As a result of the development of cotton breeding, their relationship of fiber quality and yield showed a positive correlation in our study. We analyzed 316 accessions, including many elite germplasm resources. The phenotypic data analysis showed that yield and fiber quality have become positively correlated. Significant positive correlations were found between BW and FL (0.30), BW and FS (0.37), and LP and MIC (0.35). Some pleiotropic regions were identified, providing an explanation for the molecular mechanism underlying the simultaneous improvement of yield and fiber quality.

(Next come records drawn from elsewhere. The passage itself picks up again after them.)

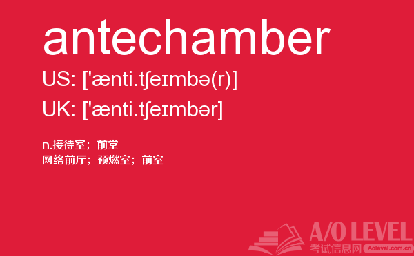 a-level考试报名须知是必须要懂得,这样在面对英国a-level入学考试的时候自己也知道应该怎么面对。为了提高考生们的a-level模拟考卷成绩,a/o-level考试网会经常给大家带来a-level考试资讯,下面就是今天课窝a/o-level考试网小编给大家讲解关于a-level考试词汇antechamber怎么用。如果您想了解墨尔本大学alevel要求,alevel进阶数学内容,alevel自学考几门,暑期alevel等关于a-level考试的相关资讯,请继续浏览并关注课窝a/o-level考试网。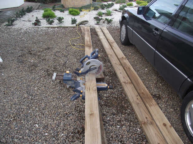 Decidí que ya que había espacio iría para la dimensión fácil de 6 m x 3 m, así que corte un par de las longitudes en mitad con mi sierra de inglete compuesto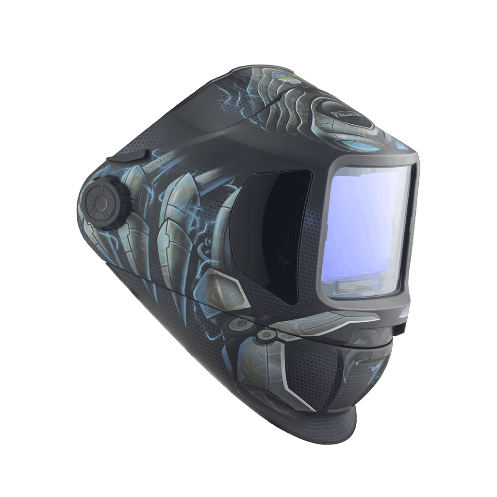 The XC90F features one of the largest viewing areas in a flip welding helmet at 118mm x 83mm = 99mm² combined with an even larger clear grinding visor at 240mm x 120mm = 170mm² for an unrestricted view of the workpiece. The viewing experience is enhanced by 2 shade 5 passive side windows that offers an extraordinary panoramic view of the weldment. Passive side windows covers are also included with the helmet for welders who prefer slightly restricted view.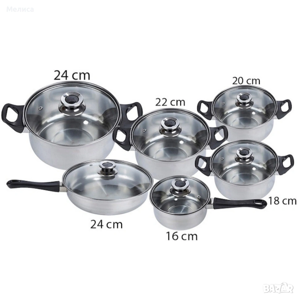 Комплект готварски съдове от инокс 12 части: 5 тенджери, тиган и стъклени капаци (16-24 см) → Обява 53541695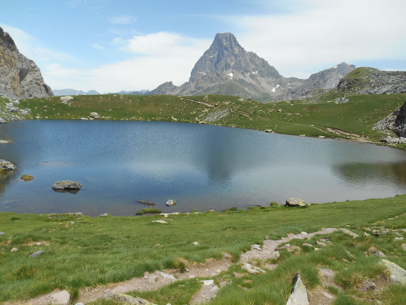 Nous laissons les nuages dans la vallée. Lorsque nous arrivons à Bious-Artigues, c'est un beau soleil qui nous accueille dans des brumes bleutées. La température est douce. Il est 8 h 45, nous marchons sur la piste sud, qui nous entraîne au Pont de Bious, où nous bifurquons à l'ouest, par le GR10. Le sentier passe sous la cabane du Col Long d'Ayous, puis s'approche du lac Roumassot aux eaux lisses, colorées de bleu. Nous laissons le lac de Miey, encore endormi dans le creux des rochers. L'immense lac Gentau sert de miroir au majestueux pic de Midi d'Ossau. Le joli refuge d'Ayous se présente comme le gardien des lieux et nous marquons une courte pause, parmi les parterres de fleurs, rhododendrons, Joubarbes et autres Hélianthèmes.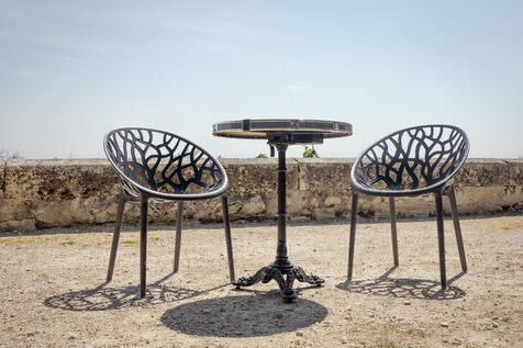 Une table bistrot connectée pour recharger les portables.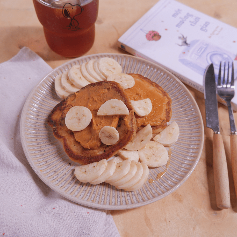 Pancake với chuối và sốt đậu nành rang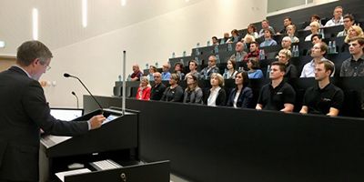 Christian Leibinger begrüßte die Gäste im Hörsaal des Besucherzentrums und gab einen Überblick über die Unternehmensgruppe und ihre Entwicklung. Er betonte: „Das Thema Nachwuchskräfte spielt bei der KLS Martin Group eine wichtige Rolle. Wir bilden unsere Azubis für den ‚Eigenbedarf‘ aus und konnten auch in diesem Jahr wieder 15 neue Auszubildende gewinnen.“ Anschließend ergriff Andreas Hupe, kaufmännischer Leiter bei Gebrüder Martin, das Wort und betonte, wie wichtig ihm der Kontakt zu den Eltern sei und wie sehr er sich freut, allen einen Blick hinter die Kulissen geben zu können. „Der Elternnachmittag ist eine tolle Gelegenheit, die Familien unserer Nachwuchskräfte kennenzulernen und mit diesen ins Gespräch zu kommen.“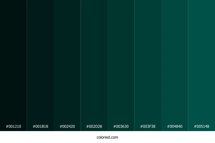 | #003630 | 0, 54, 48 | 173, 100%, 11% | 100%, 0%, 11%, 79% | oklch(0.299 0.053 183) | |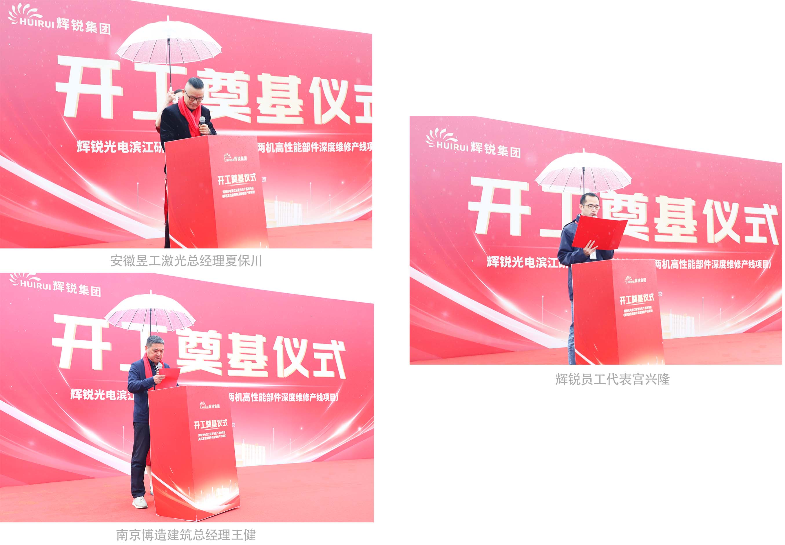 紧接着,合作客户代表、项目建设公司、辉锐员工代表分别受邀上台致辞。合作客户代表安徽昱工激光技术有限公司总经理夏保川对辉锐过硬的技术实力、贴心的周到服务表示高度认可,期待新基地项目建成后双方合作迈向更深层次、更宽广的合作领域。项目建设单位南京博造建筑工程有限公司总经理承诺将以严谨态度、精湛技术高效推进项目建设,为辉锐发展夯实根基。辉锐员工代表宫兴隆用质朴话语回顾了辉锐技术团队齐心协力、潜心钻研、攻坚克难的过往瞬间,表达了紧跟辉锐发展步伐、实现公司与个人职业发展的双向奔赴的决心。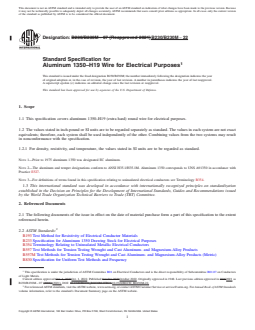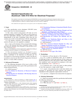 ASTM B230/B230M-22 is a technical specification published by ASTM International. Its full title is "Standard Specification for Aluminum 1350–H19 Wire for Electrical Purposes". This standard covers: ABSTRACT This specification covers the standard requirements for aluminum 1350-H19, extra hard, round wire for electrical purposes. The aluminum wire shall be made from drawing stock and shall be free of brittleness as evidenced by its ability to be coiled or looped around its own diameter with or without a mandrel. Joints may also be made during the final drawing or in the finished wire by electric-butt welding, cold-pressure welding, or electric-butt, cold-upset welding. Tension tests shall be performed; wherein, the wire shall conform to the tensile strength, elongation, and bending specifications. The specimen shall also conform to the electrical resistivity requirements. SCOPE 1.1 This specification covers aluminum 1350–H19 (extra hard) round wire for electrical purposes. 1.2 The values stated in inch-pound or SI units are to be regarded separately as standard. The values in each system are not exact equivalents; therefore, each system shall be used independently of the other. Combining values from the two systems may result in nonconformance with the specification. 1.2.1 For density, resistivity, and temperature, the values stated in SI units are to be regarded as standard. Note 1: Prior to 1975 aluminum 1350 was designated EC aluminum. Note 2: The aluminum and temper designations conform to ANSI H35.1/H35.1M. Aluminum 1350 corresponds to UNS A91350 in accordance with Practice E527. Note 3: For definitions of terms found in this specification relating to uninsulated electrical conductors see Terminology B354. 1.3 This international standard was developed in accordance with internationally recognized principles on standardization established in the Decision on Principles for the Development of International Standards, Guides and Recommendations issued by the World Trade Organization Technical Barriers to Trade (TBT) Committee.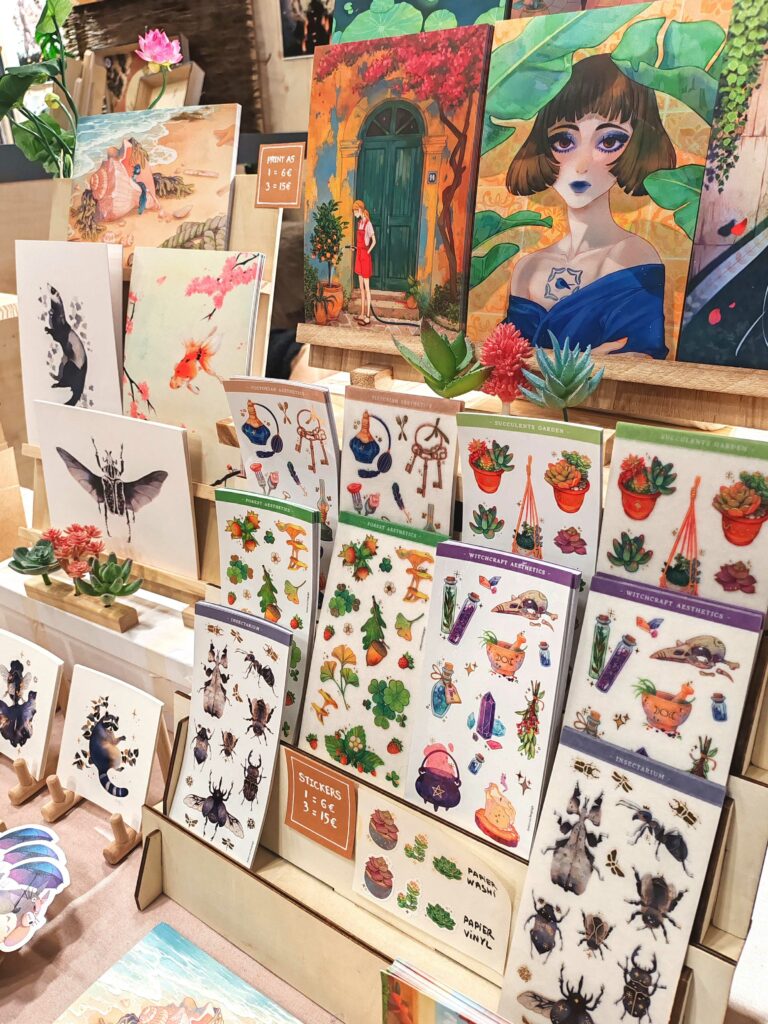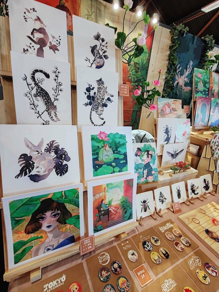 Sur son stand vous trouverez des prints de divers formats, des stickers et des petits goodies tels que badges et porte-clés.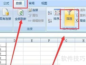 在标题栏找到筛选图标(漏斗标志),点击后,表格第一行各列右侧将出现下拉箭头,所示。

Our genotyping showed that few accessions carried the pleotropic regions LD blocks 6 and 8 (Additional file 1: Table S12), indicating that these loci have not widely been used in cotton breeding. Further analysis showed that these accessions were mainly obtained by mutation breeding and distant hybridization. Thus, mutation breeding and distant hybridization could be two other methods for disrupting the linkage of yield and fiber traits.
Conclusions
We identified four favorable pleiotropic loci and 14 elite accessions carrying the favorable loci, will be utilized in future cotton breeding for the improvement of yield and fiber quality.
Methods
Plant materials, planting and phenotyping
In total, 316 Gossypium hirsutum accessions (Additional file 1: Table S1) were selected from the National Cotton Mid-term Gene Bank (Anyang, Henan, China). Using previous investigation data, we comprehensively considered diversity of geographical origins, breeding years and phenotypic variety when selecting accessions33. The 316 accessions were divided into five cotton growing regions according to different ecological characteristics, including 34 accessions from Central Asia (CA), 47 from the United States (US), 162 from the Yellow River (YR), 52 from the Yangtze River (YZR) and 20 from other places (OTH) (Additional file 1: Table S2). Eight important traits were selected for GWAS. These traits were categorized into three groups, including yield components (boll weight/BW, seed index/SI, lint percentage/LP), fiber quality (fiber length/FL, fiber strength/FS, micronaire/MIC, fiber elongation/FE) and maturation (flowering date/FD) of Gossypium hirsutum (Additional file 1: Table S1). All 316 varieties were grown in three representative cotton production regions of China, including Anyang in Henan Province (representing the Huanghe River production zone), Nanjing in Jiangsu Province (representing the Yangtze River production zone) and Kuche in Xinjiang Province (representing the Xinjiang production zone). All the accessions were grown in the same fields with three replications for three continuous years (2007–2009). The nine environments (three locations x three years) were defined as: 1, AY_2007; 2, NJ_2007; 3, Kuche_2007; 4, AY_2008; 5, NJ_2008; 6, Kuche_2008; 7, AY_2009; 8, NJ_2009; 9, Kuche_2009. Each plot contained one row 7 m in length and 76 cm between rows, with 20–22 plants per row at the Anyang and Nanjing location (33 cm between plants with each row), whereas each plot contained 60–66 plants per row at the Kuche location (10 cm between plants with each row)33. All field management, including watering, weed management, and fertilization, was performed according to the usual local management in each test location for all accessions during the growing period.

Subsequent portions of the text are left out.